Türkiye'nin sorunlarında sandığı, siyaseti, müzakereyi, masayı çözüm olarak görmeyenler sahne aldı. Sınırlarımız dışındaki bir gelişme bahane edildi. Politika üretmek, diyalog kurmak yerine yakıp yıkmanın sorumsuzluğunu gördük. Vandalizmi aşan linçe, cinayete varan bir siyasetsizliğe tanık olduk.

Problemlerimizi siyasetten başka bir mecrada çözme imkânımız yok. Geçen yıl Gezi olaylarında gördük. Her sene 1 Mayıs olaylarında görüyoruz. Yıllardır özellikle doğu illerimizdeki sokak olaylarından da biliyoruz. Çözüm sokakta değil, sokağa çağırmak bir umutsuzluğun ve çaresizliğin göstergesi.

Millet sokak çağrılarını, şiddeti, yakıp yıkmayı sevmiyor. Sokaklarda eylemcilerin veya polislerin yaralanmasını hayatını kaybetmesini istemiyor. Faydalandığı otobüslerin, bankların, kamu mallarının zarar görmesini istemiyor.

Huzuru, ekonominin iyi gitmesini, barışı seviyor. Toplum, çoluk çocuğu okula, işe, askere gittiğinde ondan kötü haber gelmesini istemiyor.

Kürtler 30 yıl sonra barışı işte bu duygularla sahiplendi. Sokağın, şiddetin, yakıp yıkmanın çözüm olduğuna inansaydı sürece yüzde 90'lık bir destek vermezdi.

Türkler, Lazlar, Çerkesler, Araplar, Boşnaklar vs. evladının şehit haberi gelmesin diye kimi süreci destekledi. Hep aynı nedenle; Huzur gelsin diye

***
Önceki gün CHP'li bir milletvekili sosyal medyada bir mesaj yazdı. CHP'nin artık sürekli sokaklarda muhalefet yapacağı anlamına gelen sözlerdi bunlar.

Vekilden ziyade CHP'liler ne diyor dedim ve ona yapılan yorumları okudum. İnanamadım. "İşte budur. CHP nihayet parti olduğunu hatırlamış" diyenler vardı.

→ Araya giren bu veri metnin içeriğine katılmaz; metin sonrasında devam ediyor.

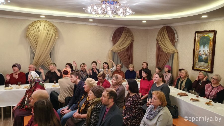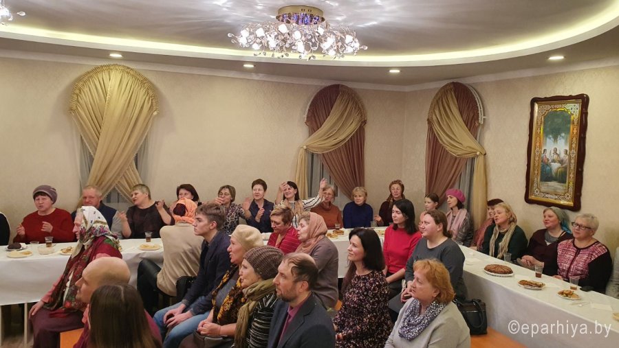 В воскресный вечер 1 марта 2020г. прихожане храма Преображения Господня в г. Гомеле собрались на службу, чтобы попросить прощения друг у друга и получить благословение на Великий пост. После богослужения никто не торопился расходиться по домам, а продолжили вечер за горячим чаем с блинами. Настоятель прихода протоиерей Олег Кострома еще раз напомнил всем собравшимся о важности прощения и покаяния и о том, как с пользой для души провести Великий пост, а также рассказал о юбилейных датах Гомельской епархии. В рамках празднования юбилея епархии почетным гостем вечера стала лауреат премии президента Республики Беларусь «За духовное возрождение», народная артистка Беларуси, ведущий мастер сцены Галина Павленок. Принимая во внимание, что 2020 год Русской Православной Церковью ознаменован памятной датой посвященной 75-летию Победы в Великой Отечественной войне «Великая Победа: наследие и наследники», Галина Ивановна исполнила старинные романсы, а также песни военных лет. |

"Sayın vekilim tek çözüm sokak, Gezi'de gördük" diyenler vardı. Ama özetle yorumcuların onda dokuzu şunu söylüyordu: "AK Parti sandıkta hiçbir zaman yenilmez. Nihayet partimiz gerçeği gördü. AK Parti'den vazgeçmeyen bu milleti ancak sokaklarla yola getirip Erdoğan'ı devirebiliriz."

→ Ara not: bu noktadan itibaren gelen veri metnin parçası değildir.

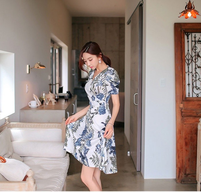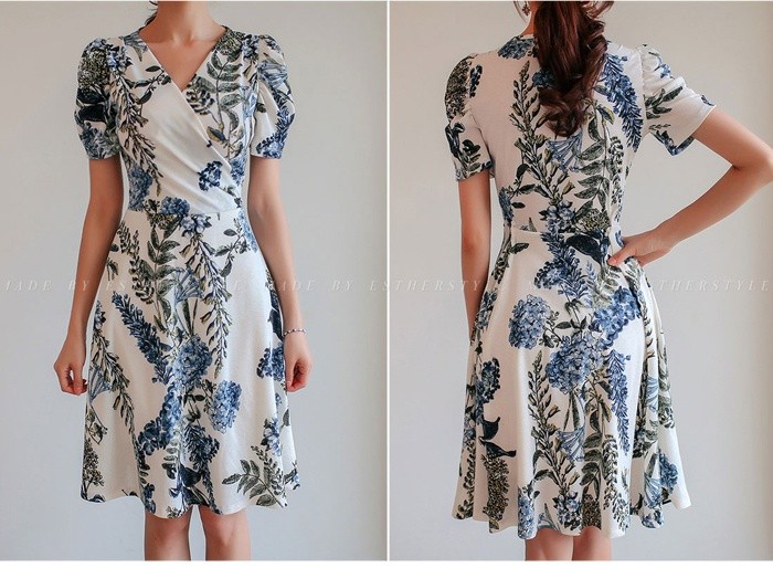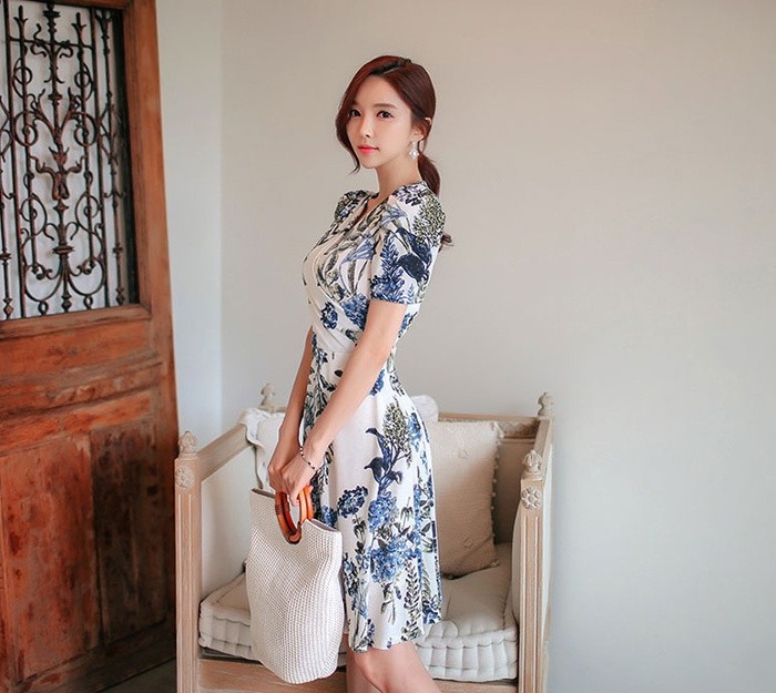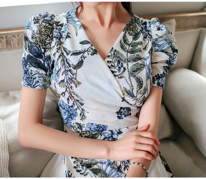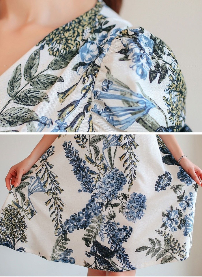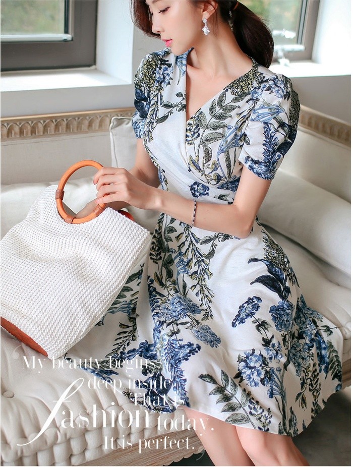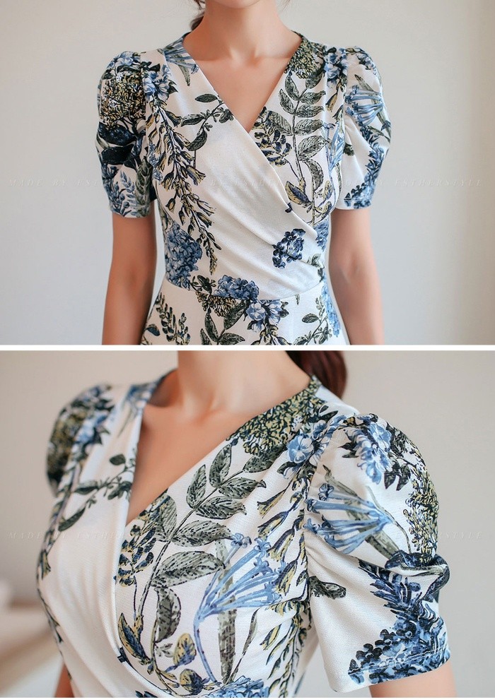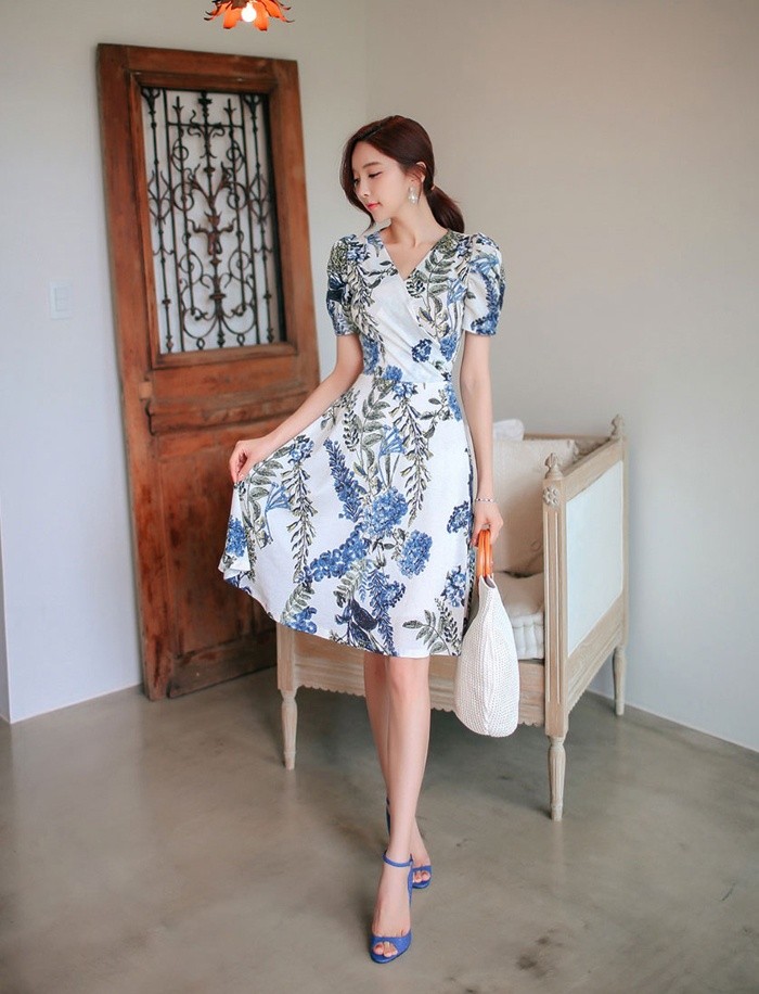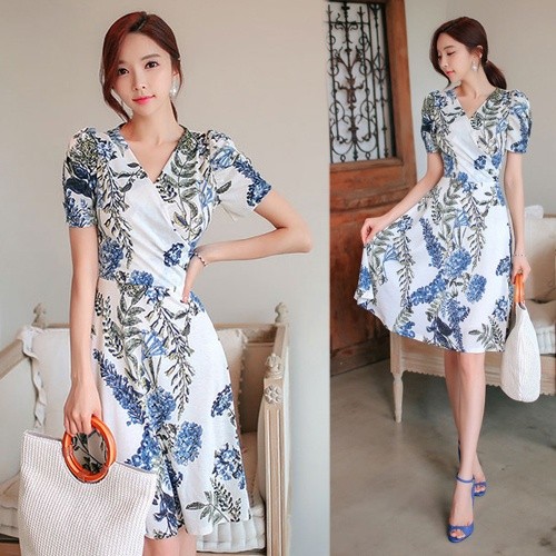 商品名:ワンピース カシュクールワンピ 半袖 ボタニカル フラワー 膝丈

Acı ama maalesef böyle. CHP değişmeye çabaladığını iddia etse bile CHP'ye oy vermeyenlerin çoğu böyle düşünmüyor sanırım.

HDP, iki yıllık Türkiye Parrtisi olma yolundaki kazanımını 6-7 Ekim olaylarında yerle bir etti. CHP yıllardır 'sokak' dedikçe sandıkta bunun karşılığını iktidar olamamakla aldı.

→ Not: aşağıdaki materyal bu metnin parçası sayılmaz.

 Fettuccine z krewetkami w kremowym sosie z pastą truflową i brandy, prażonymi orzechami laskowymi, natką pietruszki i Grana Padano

CHP en son, maskeli eylemcilerin Molotof bombası kullanmasının Avrupa ülkelerindeki gibi cezalandırılmasına karşı çıktı. Yeni güvenlik reformunu Anayasa Mahkemesi'ne yetiştireceğini açıklayan CHP'ye yüzünde maske, elinde molotofla eylem yapmanın demokratik bir hak olmadığını kim öğretecek?

Bu yolun sonu yine hata ve yine yenilgi olacak. Sokaktaki şiddetten hepimiz zarar görüyoruz. Yapmayın.